START DATA FOR REVIEW
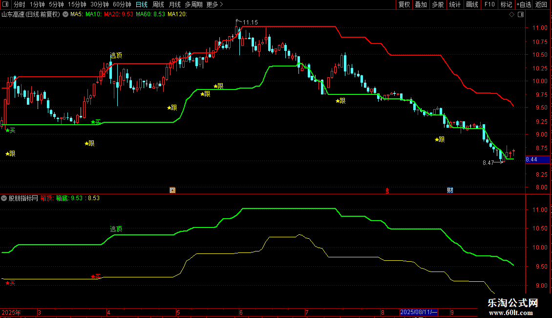 箱底:MA(REF(LLV(上收,30),1),2),COLOR00FF00,LINETHICK2;
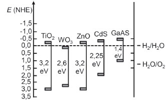 ![]() Figura 7. Diagrama de posiçao de bandas para alguns exemplos de semicondutores apresentando as respectivas posiçoes em V frente ao eletrodo normal de hidrogênio (NHE) em pH = 1, o Band Gap de cada material (eV) e a posiçao do potencial padrao (vs. NHE) de um exemplo de reaçoes redox para a decomposiçao da água em hidrogênio e oxigênio. Adaptado do trabalho de insight de Grätzel27
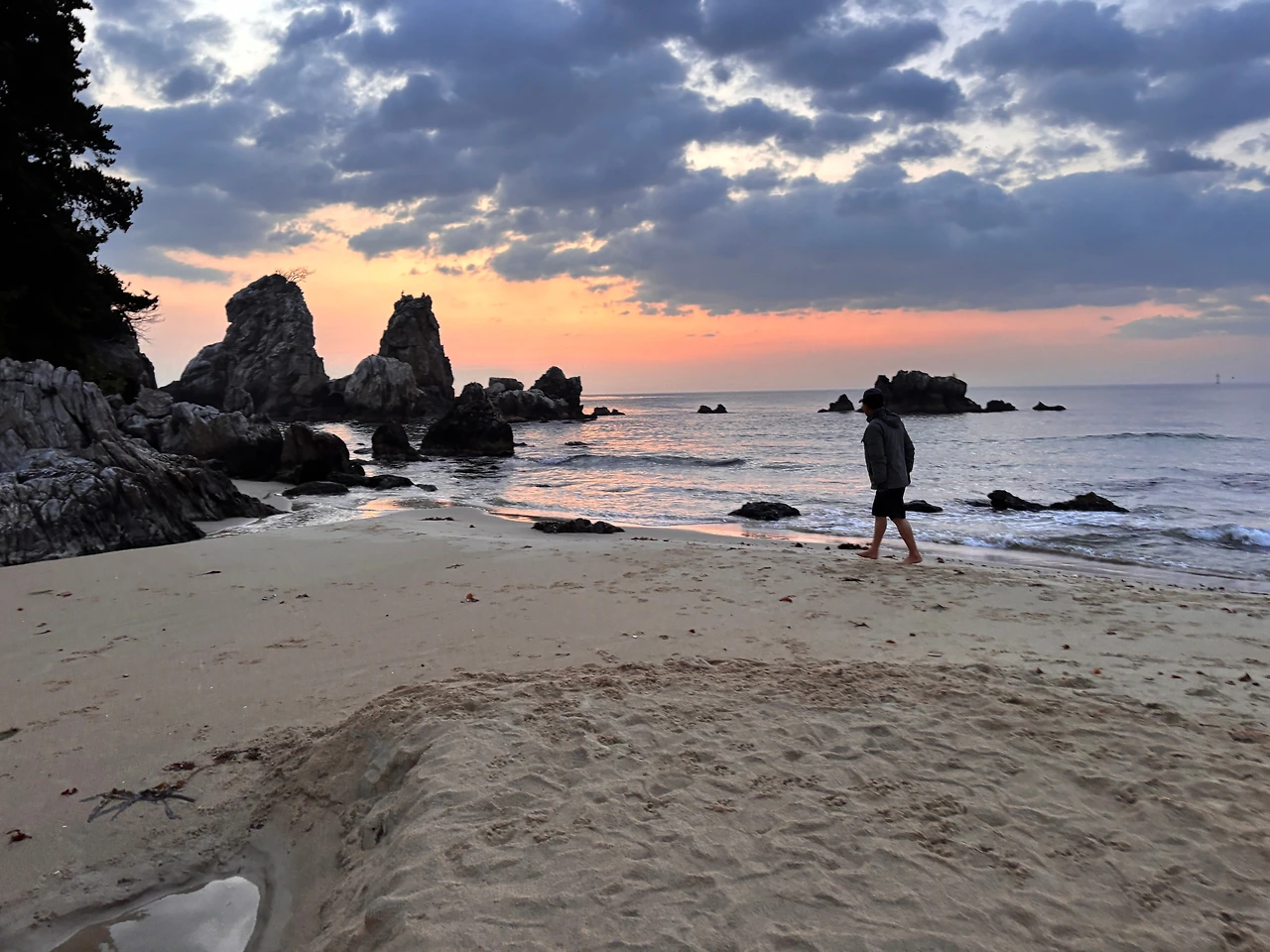 부드러운 모래, 발바닥을 깨우는 자연에너지와의 소통, 촛대바위 너머로 떨어지는 해.
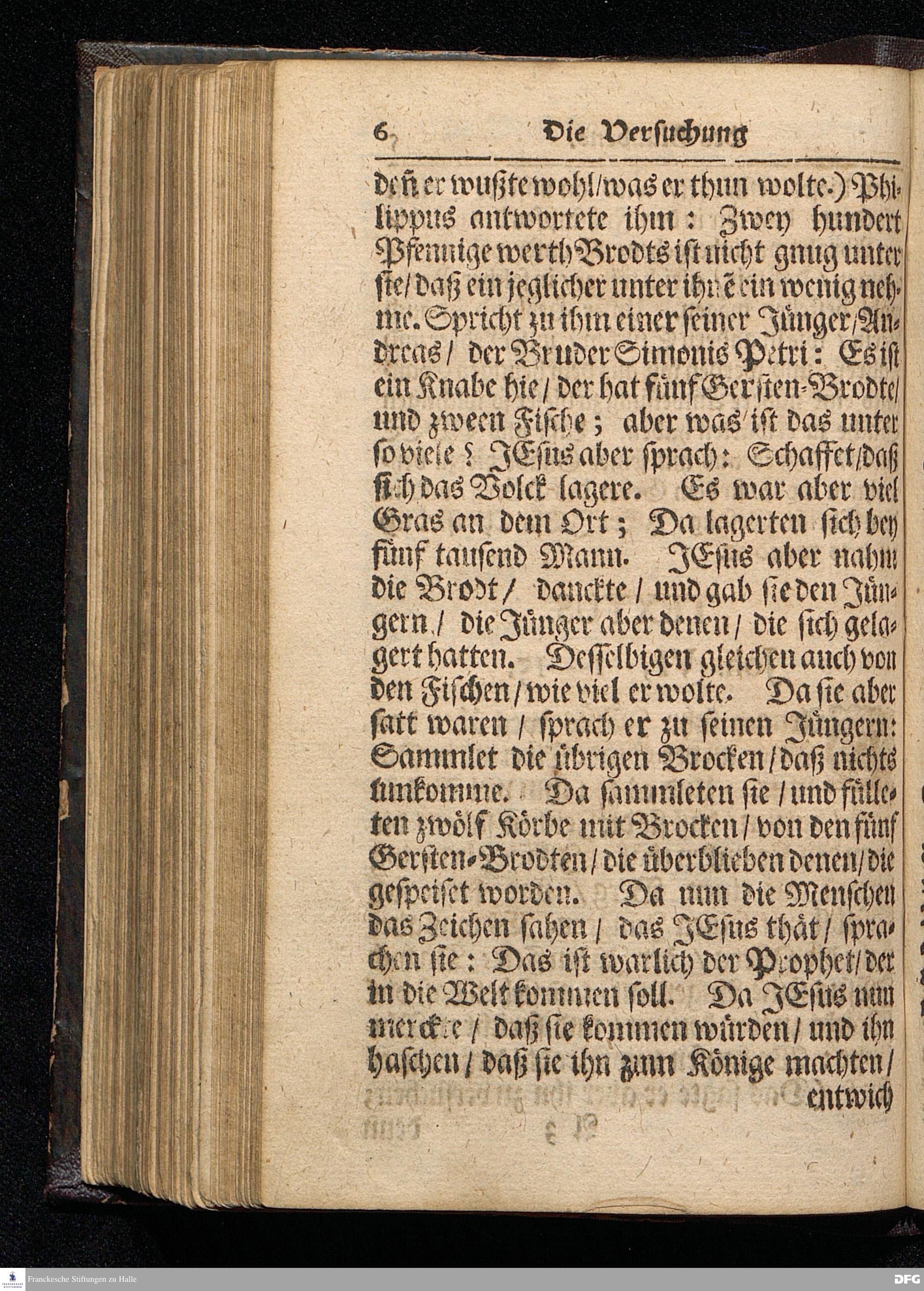 Die Versuchung des Glaubens / Auf Lætare MDCCXVI. Aus Joh.VI, 1--15. In der St.Ulrichs=Kirchen in Halle / vorgestellet von August Hermann Francken / S.Theol.Prof.& Past.zu S.Ulrich / und des Gymansii Scholarcha. HALLE / Gedruckt und zu finden im Wäysen=Hause / 1716.
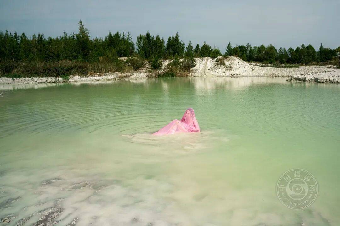 我将自我肖像置于照片中震撼人心的视觉意象之中,以此激发人们对资源开采行为影响范围的思考。这些产业产生的高浓度矿物质与酸性堆积,造就了超凡脱俗的视觉形态与色彩。《洛姆马尔代夫的奥达丽斯克》摄于捷克涅波米什莱附近的一处旧高岭土矿场,因酷似热带岛屿被当地人称为“捷克马尔代夫”。高岭土作为『化妆品』原料对皮肤无害,夏季这里已成为非正式的休闲湖泊。
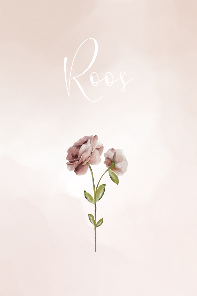 Schattig geboortekaartje met handgetekende aquarel geboortebloem maand juni, de roos. De bloem heeft een zacht roze achtergrond met een lichte structuur. De naam is gedrukt in roségoudfolie.
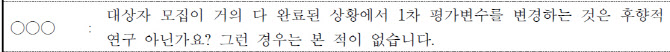 이 회의에서 A 위원은 “대상자 모집이 거의 다 완료된 상황에서 1차 평가변수를 변경하는 것은 후향적 연구 아닌가”라며 “이런 경우는 본 적이 없다”며 강하게 반발했다.
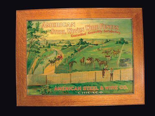 Very Rare American Fence Tin Sign. American Steel and Wire Co., Chicago, Ill. Chas. Shonk, Lithographer. Excellent Subject Matter and Great Colors. Excellent Condition. 27 1/2 x 19 1/2 inches.
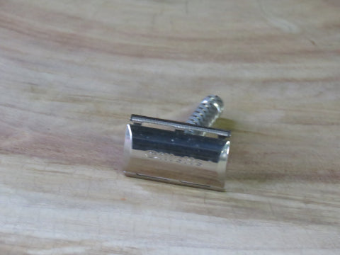 This is a three piece razor in a very good 'as new', but has no box or packaging. The razor has no damage and functions like new.
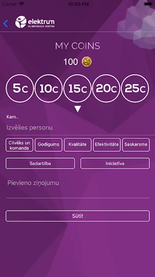 Šī lietotne ir radīta, lai Elektrum Olimpiskā centra darbinieki varētu sazināties, viens otram pateikt paldies. Izsaki atzinību par kolēģa atsaucību, izpalīdzēšanu, atbalstu vai padomu, nosūtot viņam Olimpiskās zvaigznes. Papildu funkcija ļauj aplikācijā palūgt kolēģiem kādu pakalpojumu vai palīdzību. Katra zvaigzne, ko nosūtīsi summēsies, apliecinot koleģiālākā darba biedra statusu.
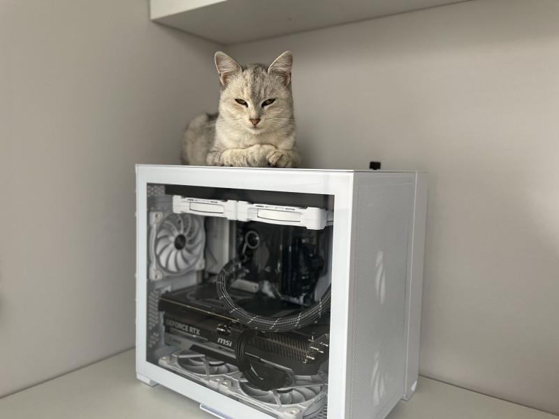 Remélem az új jövevény a gépbe nem fog belehányni, a teteje is rácsos és mikor a VGA küldi fel a forró levegőt, macskáknak az kész wellness.
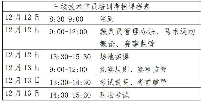 根據(jù)馬術(shù)專(zhuān)業(yè)人才培養(yǎng)計(jì)劃,我協(xié)會(huì)將與南昌市體育局于2023年12月12日-13日在江西南昌一朵青云馬術(shù)運(yùn)動(dòng)中心舉辦馬術(shù)場(chǎng)地障礙三級(jí)技術(shù)官員培訓(xùn)考核活動(dòng),合格者授予中國(guó)馬術(shù)協(xié)會(huì)相應(yīng)等級(jí)技術(shù)官員證?,F(xiàn)就本次培訓(xùn)考核相關(guān)事宜通知如下:
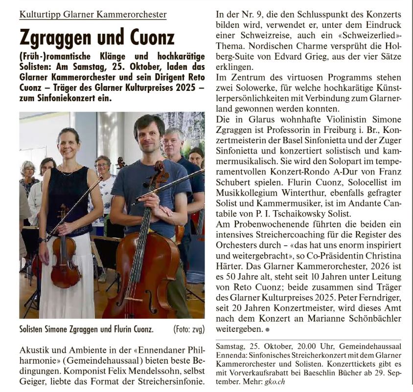 Konzert Gemeindehaus Ennenda, 25. Oktober 2025
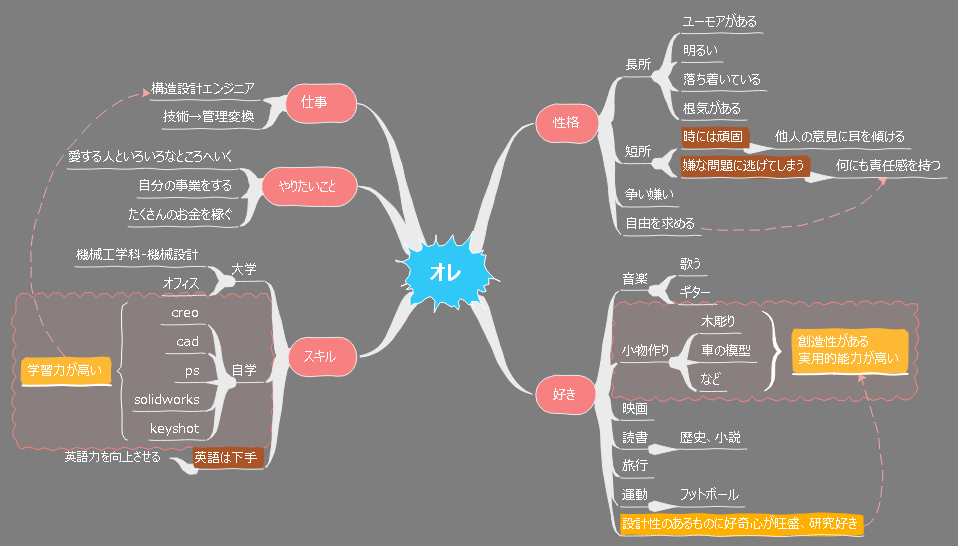 学生であろうと、社会人であろうと、自己分析はいつも注目されている課題です。マインドマップは自己分析を行うための効果の良いツールです。趣味、成長、短所、長所、友たち、家族、学業などいろいろな要素と説明をマインドマップのブランチに追加して、マインドマップ全体を使って自己分析を行います。これは自己認識、自己改善、自己PRに役立ち、就職活動に活用できます。
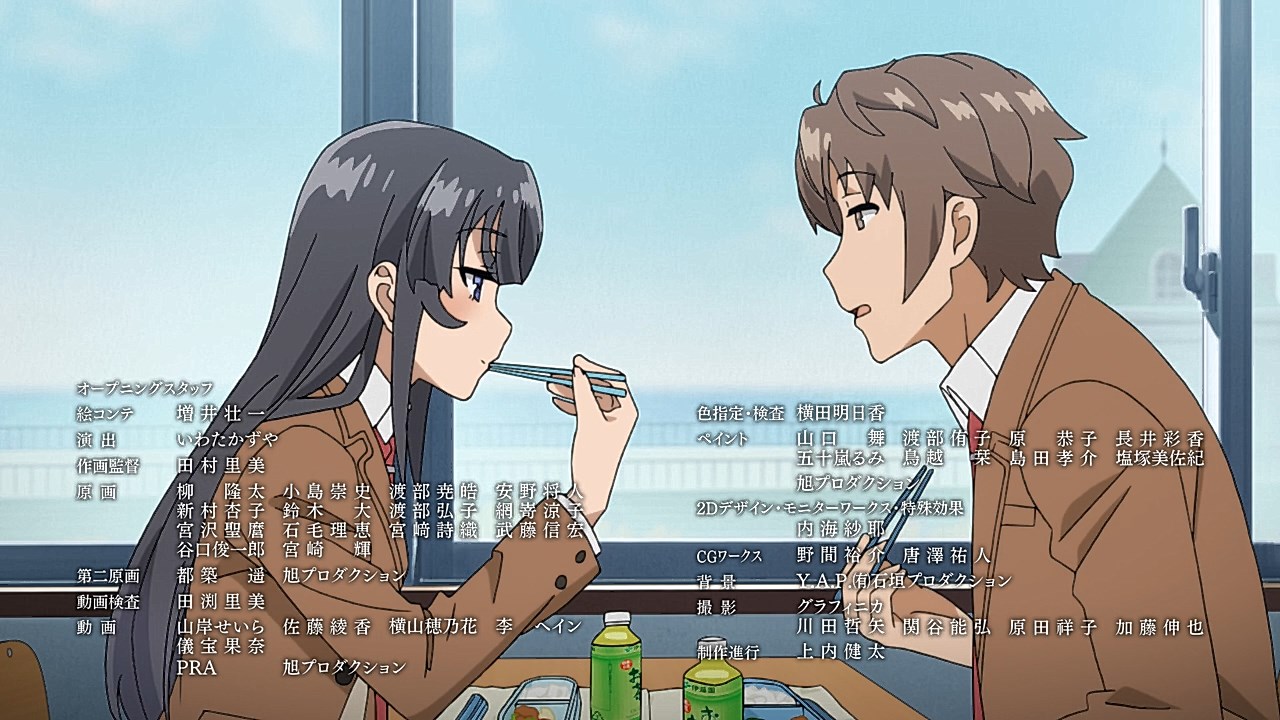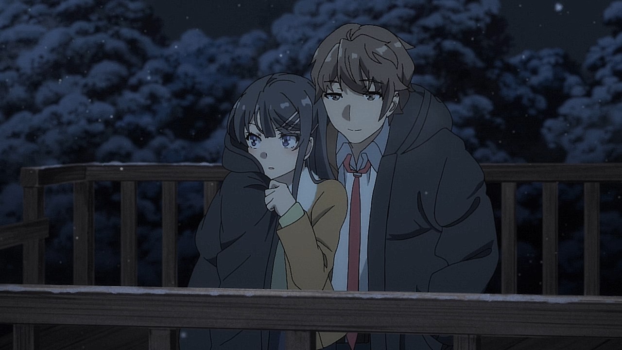 https://images.randomc.net/Seishun%20Buta%20Yarou%20wa%20Bunny%20Girl%20Senpai%20no%20Yume%20wo%20Minai/Seishun%20Buta%20Yarou%20wa%20Bunny%20Girl%20Senpai%20no%20Yume%20wo%20Minai%20-%2013%20-%20Large%2036.jpgAgh, let the weeb/otaku fantasies run wild. The poor “unfortunate souls…” Agh, the unrealistic bars are set.https://images.randomc.net/Seishun%20Buta%20Yarou%20wa%20Bunny%20Girl%20Senpai%20no%20Yume%20wo%20Minai/Seishun%20Buta%20Yarou%20wa%20Bunny%20Girl%20Senpai%20no%20Yume%20wo%20Minai%20-%2013%20-%20Large%2008.jpghttps://images.randomc.net/Seishun%20Buta%20Yarou%20wa%20Bunny%20Girl%20Senpai%20no%20Yume%20wo%20Minai/Seishun%20Buta%20Yarou%20wa%20Bunny%20Girl%20Senpai%20no%20Yume%20wo%20Minai%20-%2013%20-%20Large%2009.jpgRemember when middle school school Shouko was first introduced back in episode six where she was shielding a poor, helpless cat from the rain? Well this time, it’s Sakuta’s turn. She is practically his personal angel. And yes, no romantic aspirations between these two, apart from Sakuta’s initial deep love two years prior. Of course, a different parallel universe have it differently. But for this particular universe, there is none between the two. A very entertaining series indeed as long as one doesn’t take it too seriously.
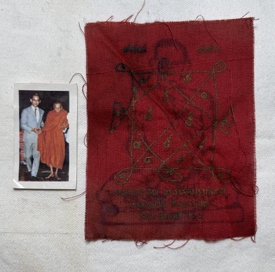 ผ้ายันต์หลวงปู่โต๊ะ พร้อมรูปหลวงปู่โต๊ะกับในหลวงไม่ทราบปี
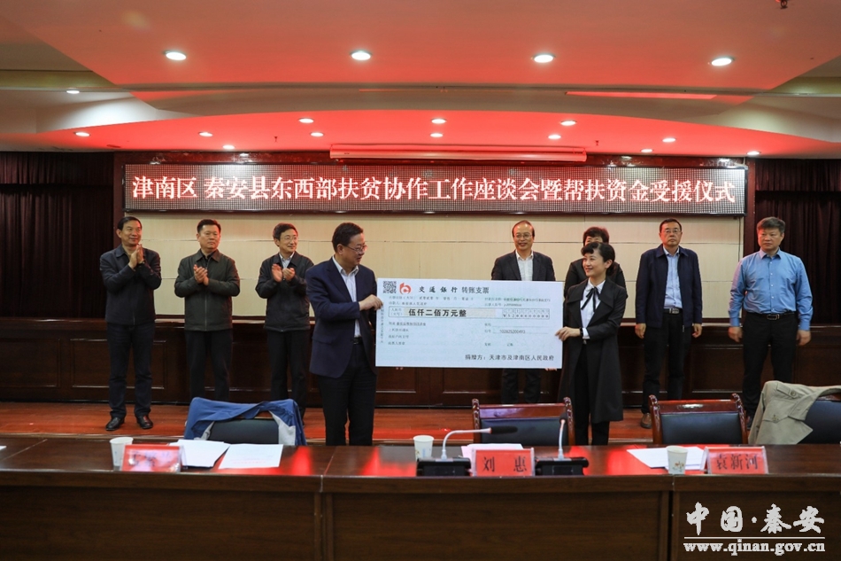 在隨后召開的津南區(qū)秦安縣東西部扶貧協(xié)作工作座談會暨幫扶資金受援儀式上,與會人員觀看了2019年津南區(qū)秦安縣東西部扶貧協(xié)作工作紀實片,向貧困學生代表發(fā)放了“微心愿”包。津南區(qū)向秦安縣交接了財政援助資金5200萬元、鎮(zhèn)級幫扶資金150萬元和津南區(qū)慈善協(xié)會援助資金105萬元。
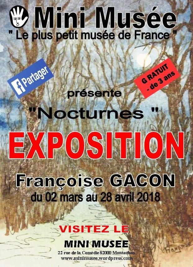 "Nocturnes", une exposition de miniatures de Françoise Gacon, du 02 mars au 28 avril 2018, au Mini-Musée de Montauban. Françoise Gacon expose au Mini-Musée, ses créations originales, sur le thème des paysages vus la nuit. Ses œuvres sont réalisées à la peinture à l’huile sur des toiles dans un format miniature de 10cm X 10cm. Plus que toutes autres choses, la nuit est pour la créatrice très inspirante. Elle agit comme un philtre puissant qui inonde le silence intérieur de l’artiste. Comme une voix qui murmure, la nuit lui donne une vision onirique, d’un paradis silencieux où les étoiles, la lune et les ombres s’animent, pour rendre un hommage muet à la voûte céleste.
END DATA FOR REVIEW
**HOW TO COMPLETE THIS TASK:**
Give back all entries exactly. No pictures belong in the copy.

**TASK RESPONSE:**
 箱底:MA(REF(LLV(上收,30),1),2),COLOR00FF00,LINETHICK2;
 ![]() Figura 7. Diagrama de posiçao de bandas para alguns exemplos de semicondutores apresentando as respectivas posiçoes em V frente ao eletrodo normal de hidrogênio (NHE) em pH = 1, o Band Gap de cada material (eV) e a posiçao do potencial padrao (vs. NHE) de um exemplo de reaçoes redox para a decomposiçao da água em hidrogênio e oxigênio. Adaptado do trabalho de insight de Grätzel27
 부드러운 모래, 발바닥을 깨우는 자연에너지와의 소통, 촛대바위 너머로 떨어지는 해.
 Die Versuchung des Glaubens / Auf Lætare MDCCXVI. Aus Joh.VI, 1--15. In der St.Ulrichs=Kirchen in Halle / vorgestellet von August Hermann Francken / S.Theol.Prof.& Past.zu S.Ulrich / und des Gymansii Scholarcha. HALLE / Gedruckt und zu finden im Wäysen=Hause / 1716.
 我将自我肖像置于照片中震撼人心的视觉意象之中,以此激发人们对资源开采行为影响范围的思考。这些产业产生的高浓度矿物质与酸性堆积,造就了超凡脱俗的视觉形态与色彩。《洛姆马尔代夫的奥达丽斯克》摄于捷克涅波米什莱附近的一处旧高岭土矿场,因酷似热带岛屿被当地人称为“捷克马尔代夫”。高岭土作为『化妆品』原料对皮肤无害,夏季这里已成为非正式的休闲湖泊。
 Schattig geboortekaartje met handgetekende aquarel geboortebloem maand juni, de roos. De bloem heeft een zacht roze achtergrond met een lichte structuur. De naam is gedrukt in roségoudfolie.
 이 회의에서 A 위원은 “대상자 모집이 거의 다 완료된 상황에서 1차 평가변수를 변경하는 것은 후향적 연구 아닌가”라며 “이런 경우는 본 적이 없다”며 강하게 반발했다.
 Very Rare American Fence Tin Sign. American Steel and Wire Co., Chicago, Ill. Chas. Shonk, Lithographer. Excellent Subject Matter and Great Colors. Excellent Condition. 27 1/2 x 19 1/2 inches.
 This is a three piece razor in a very good 'as new', but has no box or packaging. The razor has no damage and functions like new.
 Šī lietotne ir radīta, lai Elektrum Olimpiskā centra darbinieki varētu sazināties, viens otram pateikt paldies. Izsaki atzinību par kolēģa atsaucību, izpalīdzēšanu, atbalstu vai padomu, nosūtot viņam Olimpiskās zvaigznes. Papildu funkcija ļauj aplikācijā palūgt kolēģiem kādu pakalpojumu vai palīdzību. Katra zvaigzne, ko nosūtīsi summēsies, apliecinot koleģiālākā darba biedra statusu.
 Remélem az új jövevény a gépbe nem fog belehányni, a teteje is rácsos és mikor a VGA küldi fel a forró levegőt, macskáknak az kész wellness.
 根據(jù)馬術(shù)專(zhuān)業(yè)人才培養(yǎng)計(jì)劃,我協(xié)會(huì)將與南昌市體育局于2023年12月12日-13日在江西南昌一朵青云馬術(shù)運(yùn)動(dòng)中心舉辦馬術(shù)場(chǎng)地障礙三級(jí)技術(shù)官員培訓(xùn)考核活動(dòng),合格者授予中國(guó)馬術(shù)協(xié)會(huì)相應(yīng)等級(jí)技術(shù)官員證?,F(xiàn)就本次培訓(xùn)考核相關(guān)事宜通知如下:
 Konzert Gemeindehaus Ennenda, 25. Oktober 2025
 学生であろうと、社会人であろうと、自己分析はいつも注目されている課題です。マインドマップは自己分析を行うための効果の良いツールです。趣味、成長、短所、長所、友たち、家族、学業などいろいろな要素と説明をマインドマップのブランチに追加して、マインドマップ全体を使って自己分析を行います。これは自己認識、自己改善、自己PRに役立ち、就職活動に活用できます。
 https://images.randomc.net/Seishun%20Buta%20Yarou%20wa%20Bunny%20Girl%20Senpai%20no%20Yume%20wo%20Minai/Seishun%20Buta%20Yarou%20wa%20Bunny%20Girl%20Senpai%20no%20Yume%20wo%20Minai%20-%2013%20-%20Large%2036.jpgAgh, let the weeb/otaku fantasies run wild. The poor “unfortunate souls…” Agh, the unrealistic bars are set.https://images.randomc.net/Seishun%20Buta%20Yarou%20wa%20Bunny%20Girl%20Senpai%20no%20Yume%20wo%20Minai/Seishun%20Buta%20Yarou%20wa%20Bunny%20Girl%20Senpai%20no%20Yume%20wo%20Minai%20-%2013%20-%20Large%2008.jpghttps://images.randomc.net/Seishun%20Buta%20Yarou%20wa%20Bunny%20Girl%20Senpai%20no%20Yume%20wo%20Minai/Seishun%20Buta%20Yarou%20wa%20Bunny%20Girl%20Senpai%20no%20Yume%20wo%20Minai%20-%2013%20-%20Large%2009.jpgRemember when middle school school Shouko was first introduced back in episode six where she was shielding a poor, helpless cat from the rain? Well this time, it’s Sakuta’s turn. She is practically his personal angel. And yes, no romantic aspirations between these two, apart from Sakuta’s initial deep love two years prior. Of course, a different parallel universe have it differently. But for this particular universe, there is none between the two. A very entertaining series indeed as long as one doesn’t take it too seriously.
 ผ้ายันต์หลวงปู่โต๊ะ พร้อมรูปหลวงปู่โต๊ะกับในหลวงไม่ทราบปี
 在隨后召開的津南區(qū)秦安縣東西部扶貧協(xié)作工作座談會暨幫扶資金受援儀式上,與會人員觀看了2019年津南區(qū)秦安縣東西部扶貧協(xié)作工作紀實片,向貧困學生代表發(fā)放了“微心愿”包。津南區(qū)向秦安縣交接了財政援助資金5200萬元、鎮(zhèn)級幫扶資金150萬元和津南區(qū)慈善協(xié)會援助資金105萬元。
 "Nocturnes", une exposition de miniatures de Françoise Gacon, du 02 mars au 28 avril 2018, au Mini-Musée de Montauban. Françoise Gacon expose au Mini-Musée, ses créations originales, sur le thème des paysages vus la nuit. Ses œuvres sont réalisées à la peinture à l’huile sur des toiles dans un format miniature de 10cm X 10cm. Plus que toutes autres choses, la nuit est pour la créatrice très inspirante. Elle agit comme un philtre puissant qui inonde le silence intérieur de l’artiste. Comme une voix qui murmure, la nuit lui donne une vision onirique, d’un paradis silencieux où les étoiles, la lune et les ombres s’animent, pour rendre un hommage muet à la voûte céleste.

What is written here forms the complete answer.